[What you will do] Where the line containing "-1/4 de taza" appears in the records below, begin there and repeat each line exactly through the final one, dropping all pictures.

(Records drawn from a dataset)
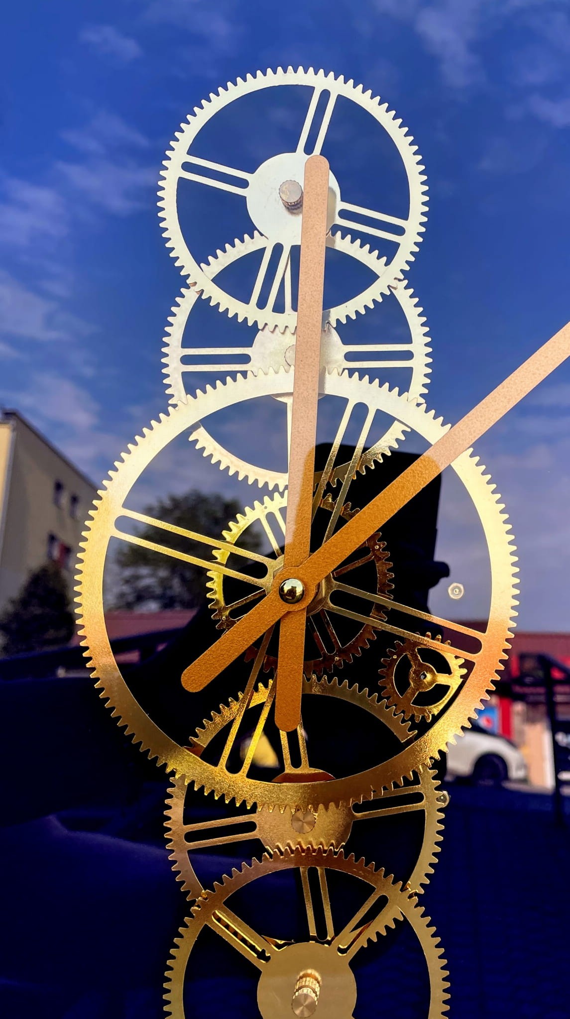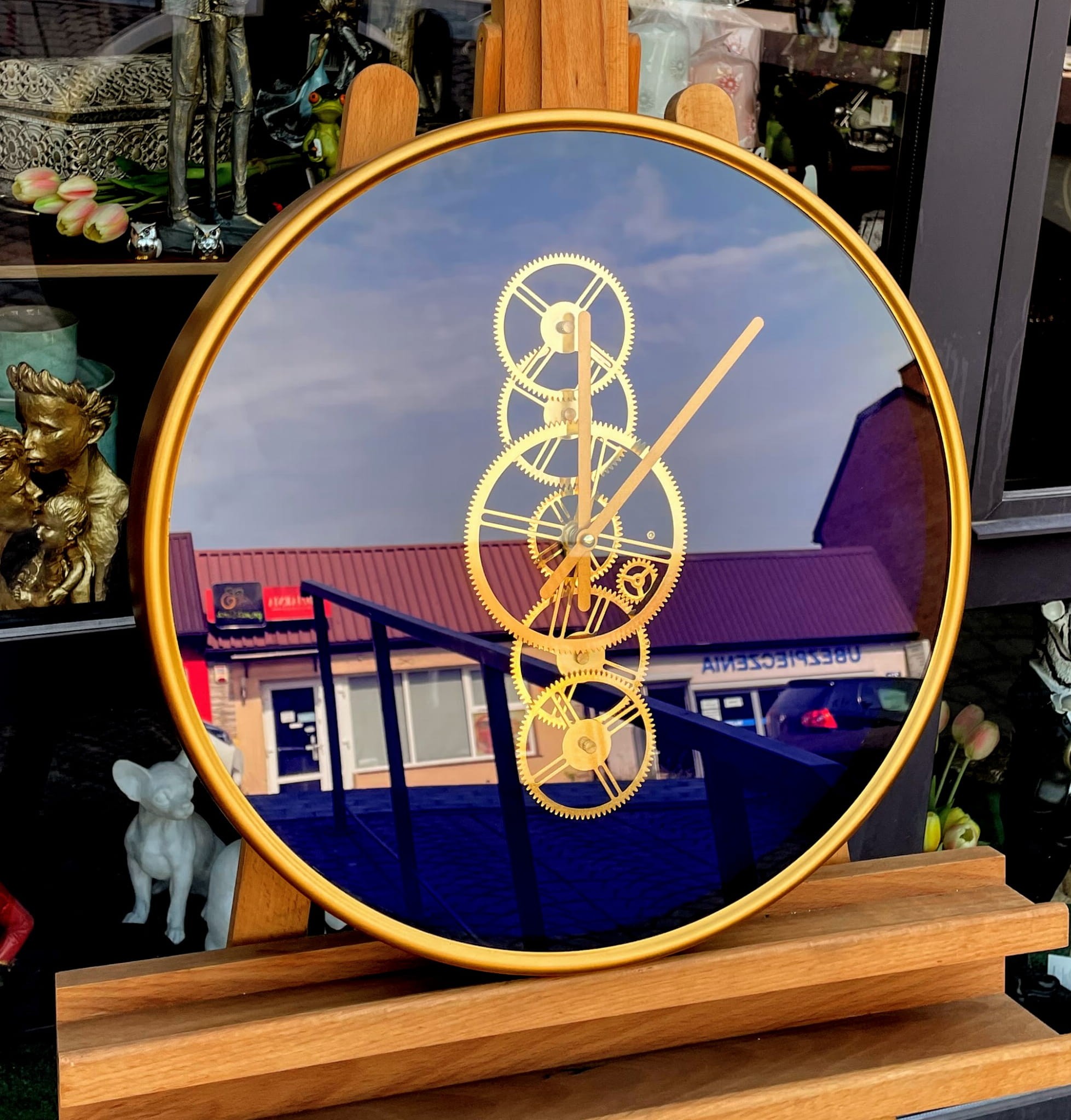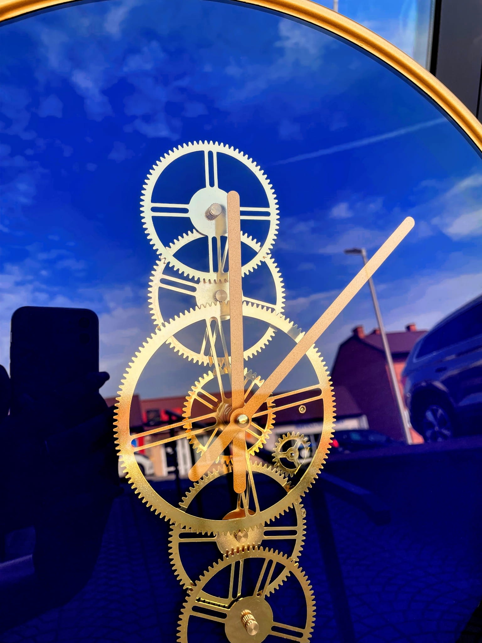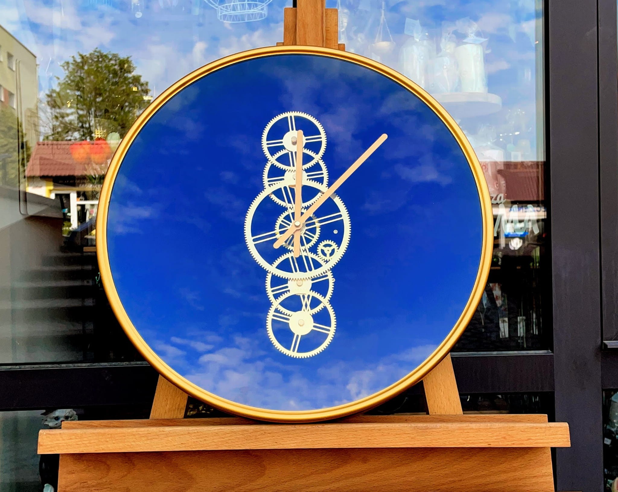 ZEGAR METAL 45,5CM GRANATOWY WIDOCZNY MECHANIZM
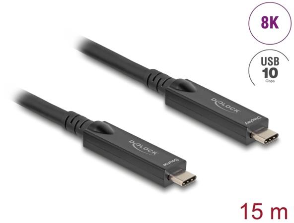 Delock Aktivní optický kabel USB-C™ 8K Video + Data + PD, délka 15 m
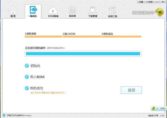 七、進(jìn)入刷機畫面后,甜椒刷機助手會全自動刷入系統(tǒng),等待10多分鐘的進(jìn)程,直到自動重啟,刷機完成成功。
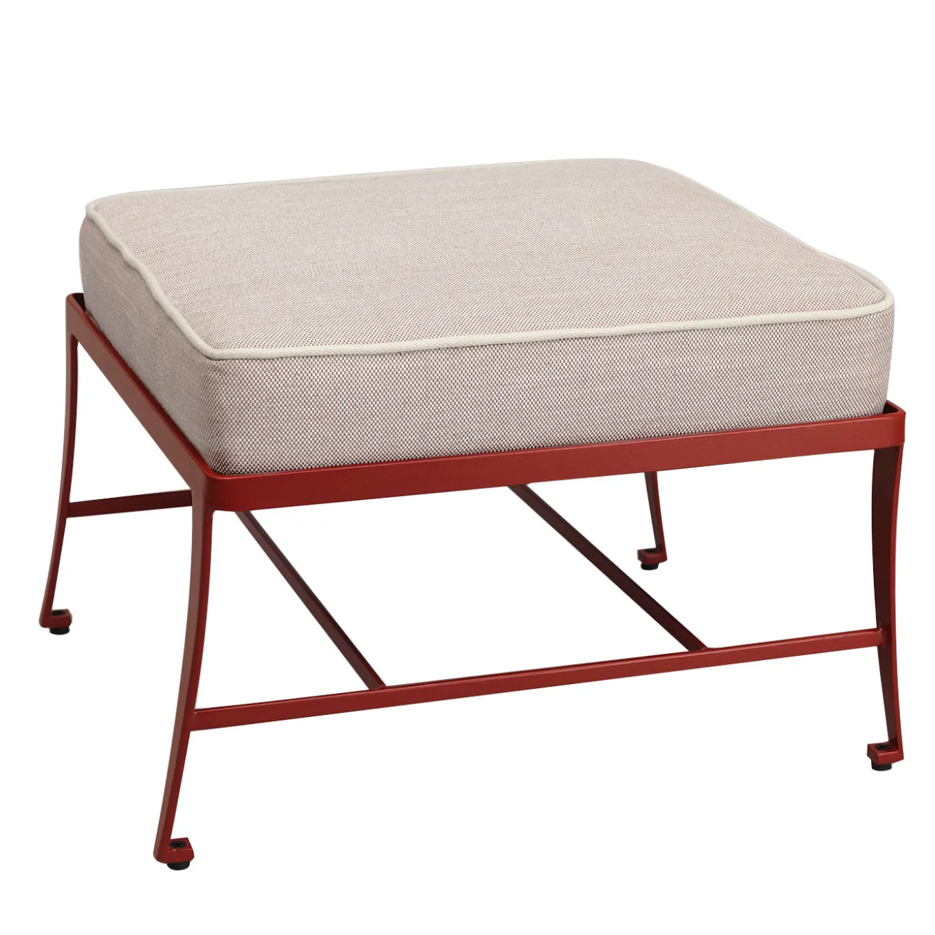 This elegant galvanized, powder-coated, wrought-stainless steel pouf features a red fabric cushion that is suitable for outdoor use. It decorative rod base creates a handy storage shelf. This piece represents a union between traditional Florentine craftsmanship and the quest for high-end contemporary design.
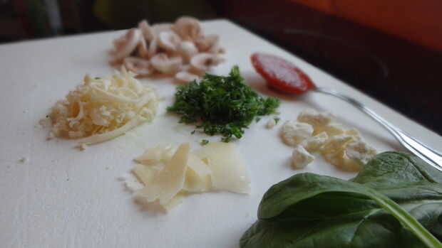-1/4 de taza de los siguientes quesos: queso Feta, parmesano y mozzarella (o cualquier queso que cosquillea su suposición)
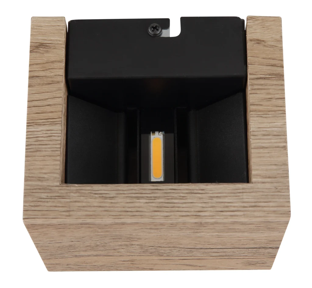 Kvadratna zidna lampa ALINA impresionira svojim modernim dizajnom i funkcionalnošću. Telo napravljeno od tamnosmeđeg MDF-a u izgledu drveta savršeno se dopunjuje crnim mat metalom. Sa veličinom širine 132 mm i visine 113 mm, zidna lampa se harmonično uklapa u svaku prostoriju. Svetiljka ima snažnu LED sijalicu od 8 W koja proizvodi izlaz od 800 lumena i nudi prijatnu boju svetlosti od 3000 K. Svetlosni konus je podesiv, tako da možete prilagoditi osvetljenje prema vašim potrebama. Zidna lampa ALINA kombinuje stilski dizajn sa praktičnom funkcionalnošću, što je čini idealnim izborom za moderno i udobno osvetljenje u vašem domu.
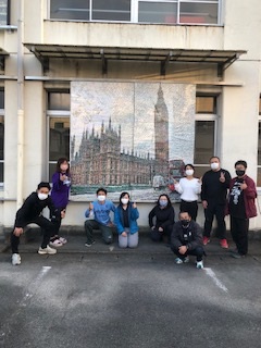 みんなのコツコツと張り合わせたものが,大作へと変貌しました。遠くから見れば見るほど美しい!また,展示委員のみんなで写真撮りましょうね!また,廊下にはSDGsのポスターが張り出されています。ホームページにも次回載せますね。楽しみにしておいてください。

[Solution for this problem]
-1/4 de taza de los siguientes quesos: queso Feta, parmesano y mozzarella (o cualquier queso que cosquillea su suposición)
 Kvadratna zidna lampa ALINA impresionira svojim modernim dizajnom i funkcionalnošću. Telo napravljeno od tamnosmeđeg MDF-a u izgledu drveta savršeno se dopunjuje crnim mat metalom. Sa veličinom širine 132 mm i visine 113 mm, zidna lampa se harmonično uklapa u svaku prostoriju. Svetiljka ima snažnu LED sijalicu od 8 W koja proizvodi izlaz od 800 lumena i nudi prijatnu boju svetlosti od 3000 K. Svetlosni konus je podesiv, tako da možete prilagoditi osvetljenje prema vašim potrebama. Zidna lampa ALINA kombinuje stilski dizajn sa praktičnom funkcionalnošću, što je čini idealnim izborom za moderno i udobno osvetljenje u vašem domu.
 みんなのコツコツと張り合わせたものが,大作へと変貌しました。遠くから見れば見るほど美しい!また,展示委員のみんなで写真撮りましょうね!また,廊下にはSDGsのポスターが張り出されています。ホームページにも次回載せますね。楽しみにしておいてください。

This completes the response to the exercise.